Note: This problem demonstrates how to analyze business profitability considering both operational gains and asset depreciation. The key is to account for the depreciated asset value plus operational profits against the initial investment.

Question 5

When the price of a share of a finance company depreciates continuously for 2 years by 10% p.a. and it is sold for Rs. 25,920 then how many shares of Rs. 100 were sold?
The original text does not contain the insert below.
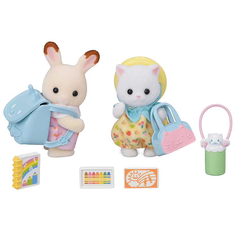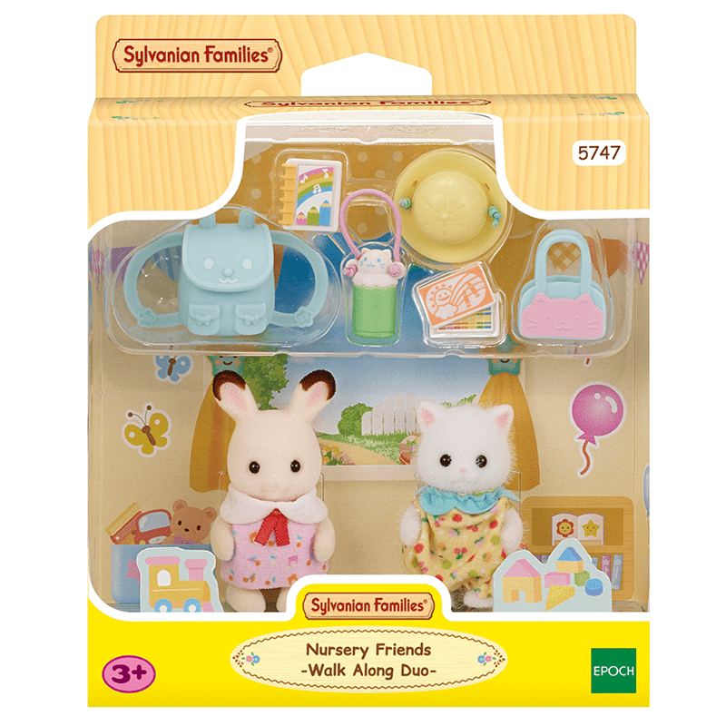 Deze schattige Sylvanian Families set Nursey Friends Walk Along Duo bevat twee schattige babies - een konijn en een kat - met tal van accessoires zoals een rugzak, hoed en waterfles, alles wat de baby nodig heeft voor de wandeling naar de kinderkamer. De baby's kunnen de rugzak, draagtas, waterfles en hoed dragen en vasthouden. De accessoires kunnen ook voor elke andere Sylvanian-baby worden gebruikt.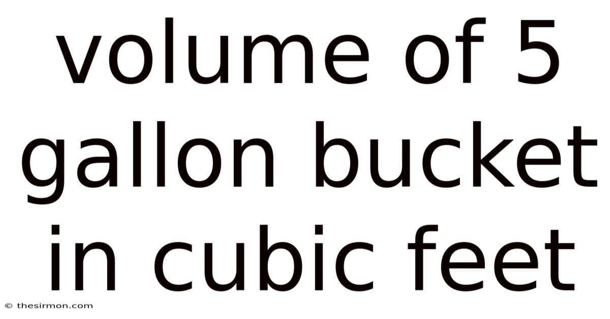 A 5-gallon bucket is a common household item used for various purposes, from storing liquids to carrying tools. Practically speaking, understanding its volume in cubic feet can be useful for projects involving measurements, conversions, or calculations. This article explores the volume of a 5-gallon bucket in cubic feet, its practical applications, and how to calculate it And that's really what it comes down to..

Find it.

Solution:

Given information:

• Present value of the shares $(V_T) = \text{Rs. } 25,920$
• Depreciation rate $(R) = 10\%$ p.a.
• Time $(T) = 2$ years
• Initial price per share = Rs. 100
• Initial total value of shares $(V_0) = ?$
• Number of shares = ?

Finding the initial value of shares:

We know that for depreciation:

$V_T = V_0\left(1 - \frac{R}{100}\right)^T$

Substitute the given values:

$25,920 = V_0\left(1 - \frac{10}{100}\right)^2$

$25,920 = V_0\left(\frac{90}{100}\right)^2$

$25,920 = V_0 \times \frac{81}{100}$

$V_0 = \frac{25,920 \times 100}{81}$

$V_0 = \text{Rs. } 32,000$

Finding the number of shares:

Initial total value of shares = Rs. 32,000

Price per share 2 years ago = Rs. 100

$\text{Number of shares} = \frac{\text{Total initial value}}{\text{Price per share}}$ $\text{Number of shares} = \frac{32,000}{100} = 320$

Final Answer:

Therefore, 320 shares of Rs. 100 were sold by the finance company.

Verification:

• Initial situation: 320 shares × Rs. 100 = Rs. 32,000
• After 1 year: Rs. 32,000 × 0.90 = Rs. 28,800
• After 2 years: Rs. 28,800 × 0.90 = Rs. 25,920 ✓
• Alternative check: Rs. 32,000 × (0.90)² = Rs. 32,000 × 0.81 = Rs. 25,920 ✓
• Per share value after 2 years: Rs. 25,920 ÷ 320 = Rs. 81

Additional analysis:

• Total depreciation in value: Rs. 32,000 - Rs. 25,920 = Rs. 6,080
• Depreciation per share: Rs. 100 - Rs. 81 = Rs. 19
• Percentage depreciation: (6,080/32,000) × 100% = 19%
• This matches: 1 - (0.90)² = 1 - 0.81 = 0.19 = 19% ✓

Note: This problem demonstrates finding the original principal amount and quantity when we know the final depreciated value. It requires working backwards from the compound depreciation formula and then using the unit price to determine quantity.